First, let's make sure LLaMA-Factory is properly installed. If not already installed, uncomment and run the following code:

In [1]:
# !git clone https://github.com/hiyouga/LLaMA-Factory.git
# %cd LLaMA-Factory
# !pip install -e .

## Initial Fine-tuning Configuration

The configuration for the initial fine-tuning stage using the complete ICD-10 dataset.

In [2]:
# Create initial fine-tuning config file
initial_finetuning_config = """
### model
model_name_or_path: Llama-3.2-1B-Instruct

### method
stage: sft
do_train: true
finetuning_type: full
deepspeed: examples/deepspeed/ds_z2_config.json

### dataset
dataset: full_free_icd_train
template: llama3
cutoff_len: 5000
max_samples: 60000
overwrite_cache: true
preprocessing_num_workers: 1

### output
output_dir: saves/Llama-3.2-1B-Instruct/full/final/initial_finetuning
logging_steps: 10
save_steps: 2000000
plot_loss: true
overwrite_output_dir: true

### train
per_device_train_batch_size: 2
gradient_accumulation_steps: 1
learning_rate: 1.0e-5
num_train_epochs: 11.0
lr_scheduler_type: cosine
warmup_ratio: 0.1
bf16: true
ddp_timeout: 180000000

### eval
val_size: 0.1
per_device_eval_batch_size: 1
eval_strategy: steps
eval_steps: 20000
"""

# Write to file
with open("initial_finetuning_config.yaml", "w") as f:
    f.write(initial_finetuning_config)

## Enhanced Fine-tuning Configuration

Configuration for the enhanced fine-tuning stage targeting linguistic and lexical variations.

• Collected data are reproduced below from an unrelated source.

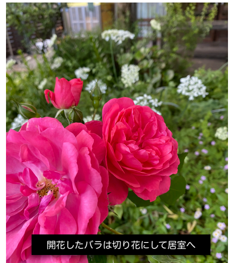
開花したバラは切り花にして居室へ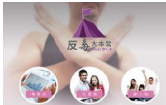
圖 31 「反毒大本營」網站入站畫面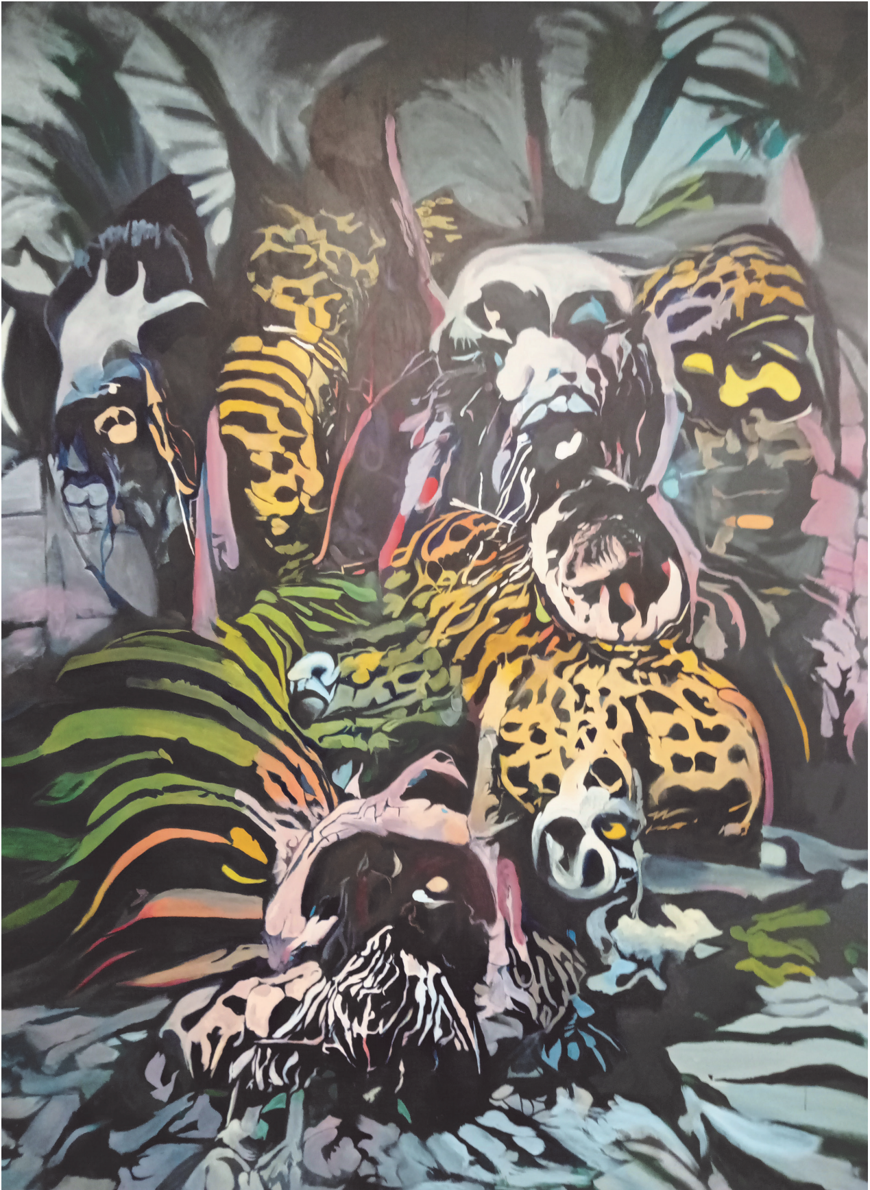
La fuite acrylique sur toile, vernis 240x160cm 2022

This configuration continues training from the initially fine-tuned model.

In [3]:
# Create enhanced fine-tuning config file
enhanced_finetuning_config = """
### model
model_name_or_path: saves/Llama-3.2-1B-Instruct/full/final/initial_finetuning

### method
stage: sft
do_train: true
finetuning_type: full
deepspeed: examples/deepspeed/ds_z2_config.json

### dataset
dataset: llama_abb_enhance_data_10,llama_multi_enhance_data_10,llama_typo_enhance_data_10,llama_sentence_enhance_data_10,llama_reorder_enhance_data_10
template: llama3
cutoff_len: 5000
max_samples: 10000
overwrite_cache: true
preprocessing_num_workers: 1

### output
output_dir: saves/Llama-3.2-1B-Instruct/full/final/enhanced_finetuning
logging_steps: 10
save_steps: 500000
plot_loss: true
overwrite_output_dir: true

### train
per_device_train_batch_size: 2
gradient_accumulation_steps: 1
learning_rate: 5.0e-6  # Lower learning rate for enhanced tuning
num_train_epochs: 5.0  # Fewer epochs for enhanced tuning
lr_scheduler_type: cosine
warmup_ratio: 0.1
bf16: true
ddp_timeout: 180000000

### eval
val_size: 0.1
per_device_eval_batch_size: 1
eval_strategy: steps
eval_steps: 10000
"""

# Write to file
with open("enhanced_finetuning_config.yaml", "w") as f:
    f.write(enhanced_finetuning_config)

## Evaluation Configuration

Configuration for evaluating the fine-tuned model on test datasets.

In [4]:
# Create evaluation config file
evaluation_config = """
### model
model_name_or_path: saves/Llama-3.2-1B-Instruct/full/final/enhanced_finetuning

### method
stage: sft
do_predict: true
finetuning_type: full
max_new_tokens: 10000

### dataset
eval_dataset: full_free_icd_test
template: llama3
cutoff_len: 150000
max_samples: 20000
overwrite_cache: true
preprocessing_num_workers: 5

### output
output_dir: saves/Llama-3.2-1B-Instruct/full/final/result/evaluation_results
overwrite_output_dir: true

### eval
per_device_eval_batch_size: 2
predict_with_generate: true
"""

# Write to file
with open("evaluation_config.yaml", "w") as f:
    f.write(evaluation_config)

## Running Fine-tuning with LLaMA-Factory

Commands to execute the fine-tuning process using LLaMA-Factory.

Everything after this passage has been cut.